Your instructions:
Starting at the line that contains "BAGUE en or" in the listing below, write out every line word for word until you have written the line that contains "AK Gruyères, Strassenpartie mit Kirche".

Provided material:
━━━━
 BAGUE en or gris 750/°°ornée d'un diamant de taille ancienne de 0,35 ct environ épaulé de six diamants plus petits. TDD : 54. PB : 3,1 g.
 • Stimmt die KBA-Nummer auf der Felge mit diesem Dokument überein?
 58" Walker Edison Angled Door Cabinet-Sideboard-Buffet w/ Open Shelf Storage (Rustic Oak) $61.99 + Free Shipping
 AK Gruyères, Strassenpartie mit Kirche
━━━━
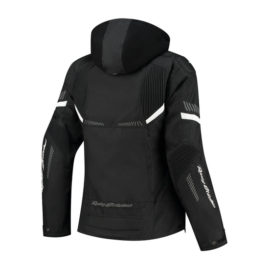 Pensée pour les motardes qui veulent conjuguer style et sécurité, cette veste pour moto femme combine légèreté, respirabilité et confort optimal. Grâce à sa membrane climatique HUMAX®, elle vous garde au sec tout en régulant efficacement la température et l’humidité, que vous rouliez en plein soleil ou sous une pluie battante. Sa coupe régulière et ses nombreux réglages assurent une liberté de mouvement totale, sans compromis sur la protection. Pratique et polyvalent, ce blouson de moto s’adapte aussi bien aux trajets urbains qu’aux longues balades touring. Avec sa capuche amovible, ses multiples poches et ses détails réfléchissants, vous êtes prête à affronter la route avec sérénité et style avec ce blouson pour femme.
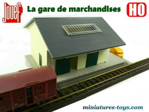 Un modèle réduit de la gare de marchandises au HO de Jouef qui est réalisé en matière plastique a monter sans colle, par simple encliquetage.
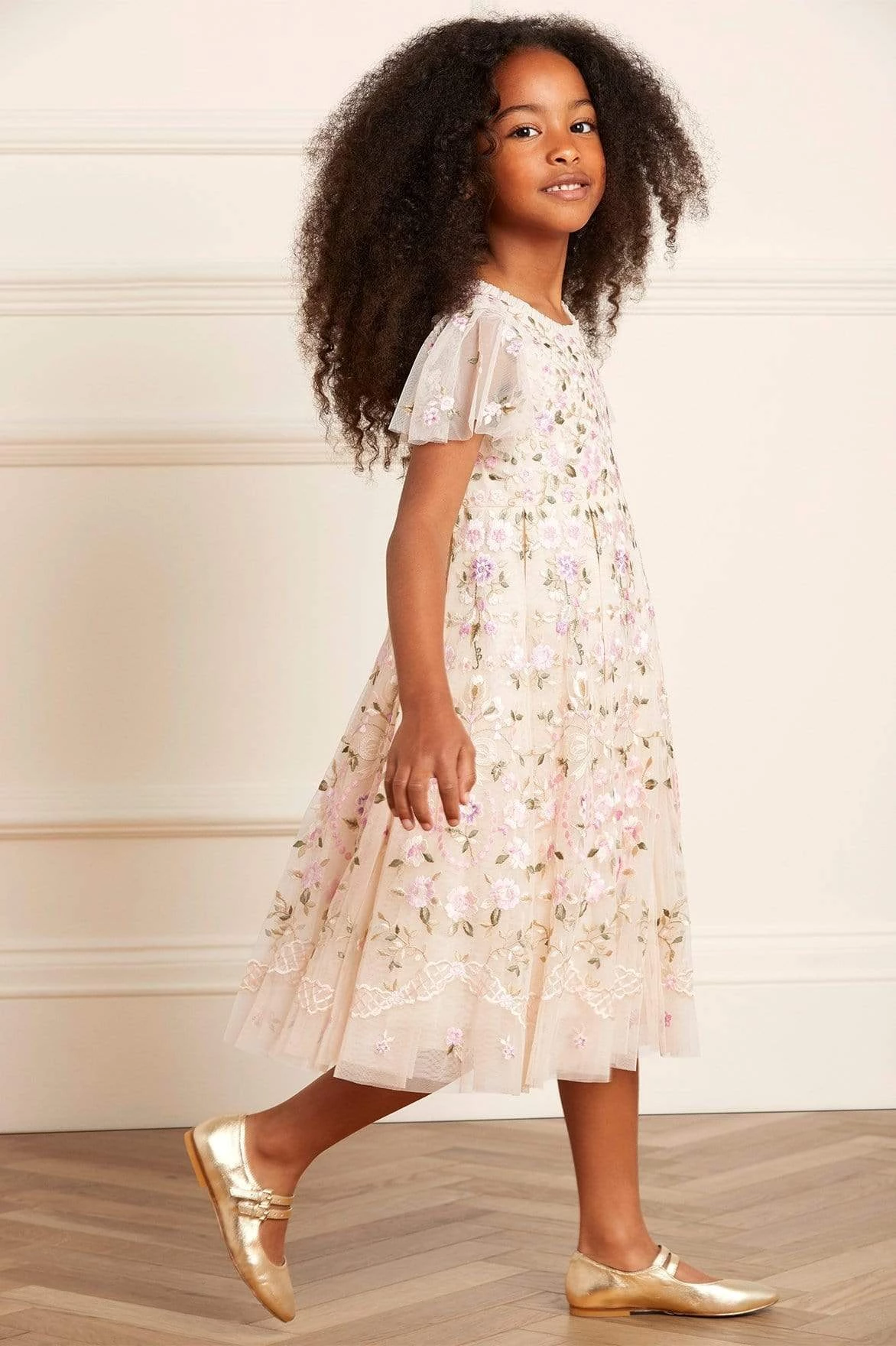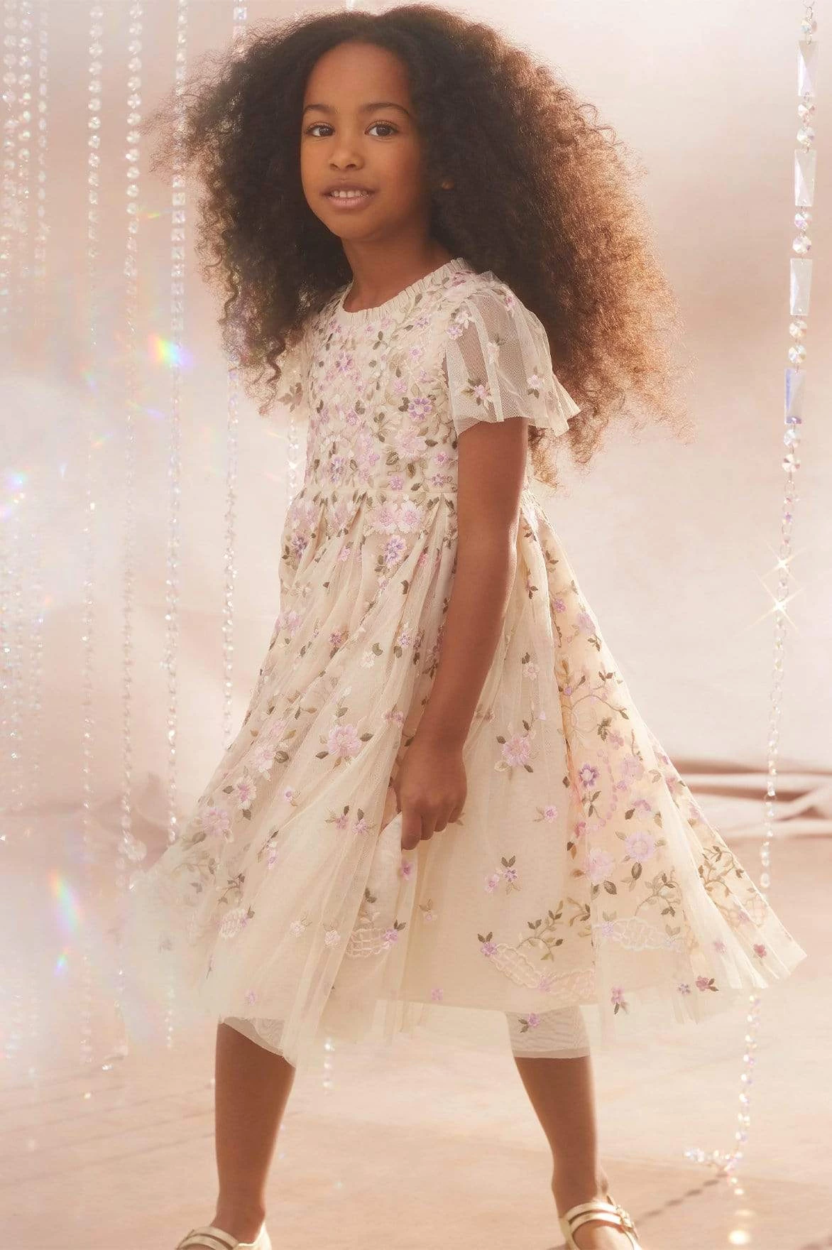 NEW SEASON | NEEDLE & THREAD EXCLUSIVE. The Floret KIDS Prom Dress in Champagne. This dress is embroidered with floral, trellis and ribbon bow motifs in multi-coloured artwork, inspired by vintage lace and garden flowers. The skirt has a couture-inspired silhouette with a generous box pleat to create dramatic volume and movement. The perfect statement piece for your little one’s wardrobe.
━━━━
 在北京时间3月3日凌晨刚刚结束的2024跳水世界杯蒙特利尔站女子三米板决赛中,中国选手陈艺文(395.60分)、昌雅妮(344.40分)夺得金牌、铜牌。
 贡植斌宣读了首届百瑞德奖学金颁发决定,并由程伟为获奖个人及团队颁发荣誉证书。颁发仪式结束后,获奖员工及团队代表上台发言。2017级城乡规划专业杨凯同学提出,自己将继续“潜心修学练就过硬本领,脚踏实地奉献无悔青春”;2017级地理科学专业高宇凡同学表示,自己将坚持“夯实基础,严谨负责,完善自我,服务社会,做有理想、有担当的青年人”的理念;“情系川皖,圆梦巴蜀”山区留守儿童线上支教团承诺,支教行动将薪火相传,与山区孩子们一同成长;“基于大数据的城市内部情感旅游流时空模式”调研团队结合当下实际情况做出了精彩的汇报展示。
━━━━
Exercise response:
 BAGUE en or gris 750/°°ornée d'un diamant de taille ancienne de 0,35 ct environ épaulé de six diamants plus petits. TDD : 54. PB : 3,1 g.
 • Stimmt die KBA-Nummer auf der Felge mit diesem Dokument überein?
 58" Walker Edison Angled Door Cabinet-Sideboard-Buffet w/ Open Shelf Storage (Rustic Oak) $61.99 + Free Shipping
 AK Gruyères, Strassenpartie mit Kirche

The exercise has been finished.